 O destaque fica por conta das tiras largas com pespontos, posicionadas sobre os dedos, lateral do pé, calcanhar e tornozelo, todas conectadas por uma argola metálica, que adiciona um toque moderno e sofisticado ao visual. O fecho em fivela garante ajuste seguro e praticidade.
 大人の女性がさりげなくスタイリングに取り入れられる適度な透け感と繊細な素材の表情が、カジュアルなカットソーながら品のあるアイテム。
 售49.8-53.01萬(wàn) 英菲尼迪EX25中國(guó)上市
----------
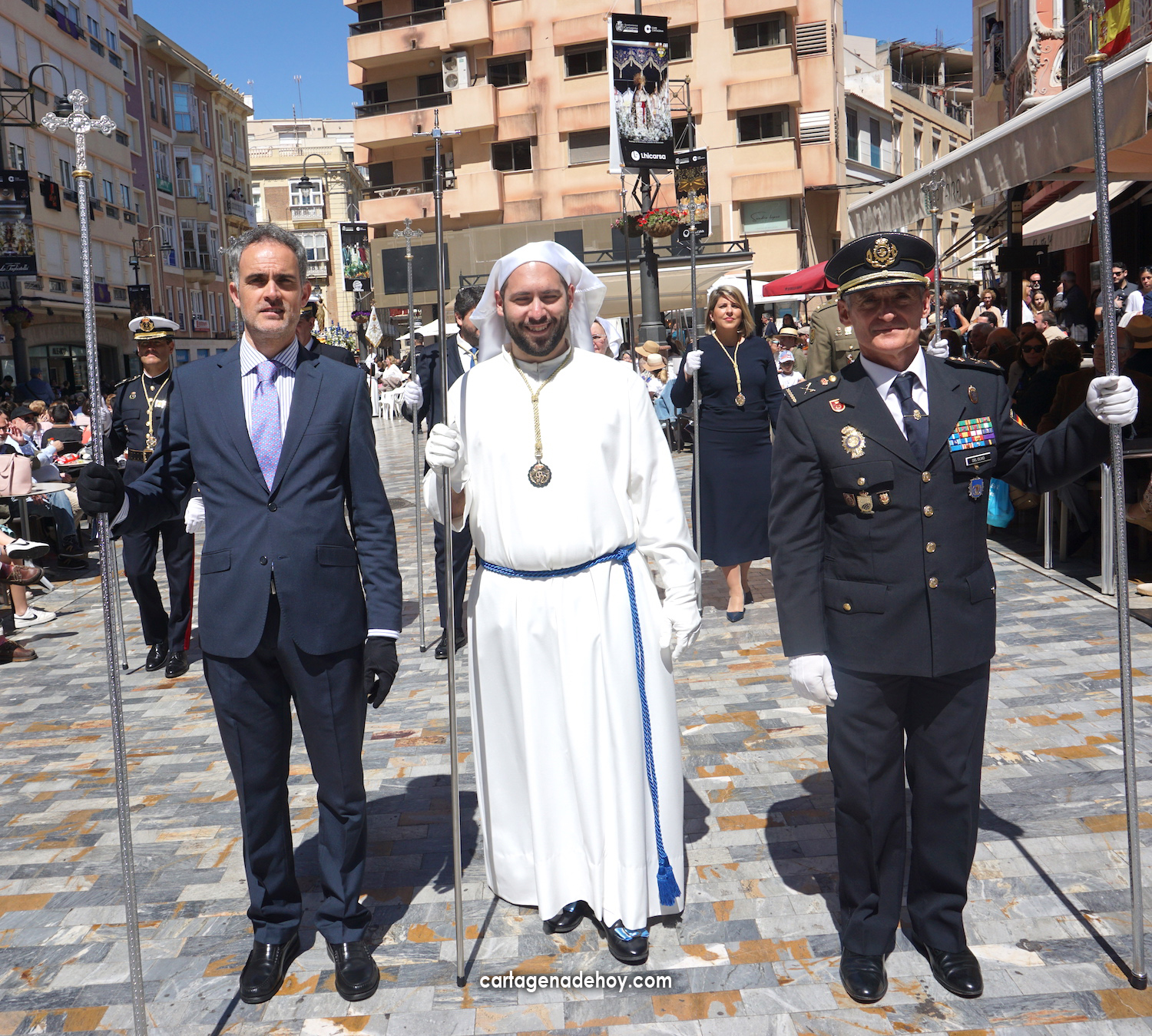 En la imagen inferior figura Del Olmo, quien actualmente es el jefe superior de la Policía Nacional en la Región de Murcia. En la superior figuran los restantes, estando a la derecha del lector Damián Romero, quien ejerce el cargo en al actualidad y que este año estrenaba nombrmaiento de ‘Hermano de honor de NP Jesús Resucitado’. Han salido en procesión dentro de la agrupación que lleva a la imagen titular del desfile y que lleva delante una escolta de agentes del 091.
----------
## ASSIGNMENT
In the material above, transcribe exactly the lines beginning at the one with "大人の女性がさりげなくスタイ" and ending at the one with "售49.8-53.01萬(wàn) 英菲尼迪EX25中國(guó)上市", both included.

## FINAL ANSWER
 大人の女性がさりげなくスタイリングに取り入れられる適度な透け感と繊細な素材の表情が、カジュアルなカットソーながら品のあるアイテム。
 售49.8-53.01萬(wàn) 英菲尼迪EX25中國(guó)上市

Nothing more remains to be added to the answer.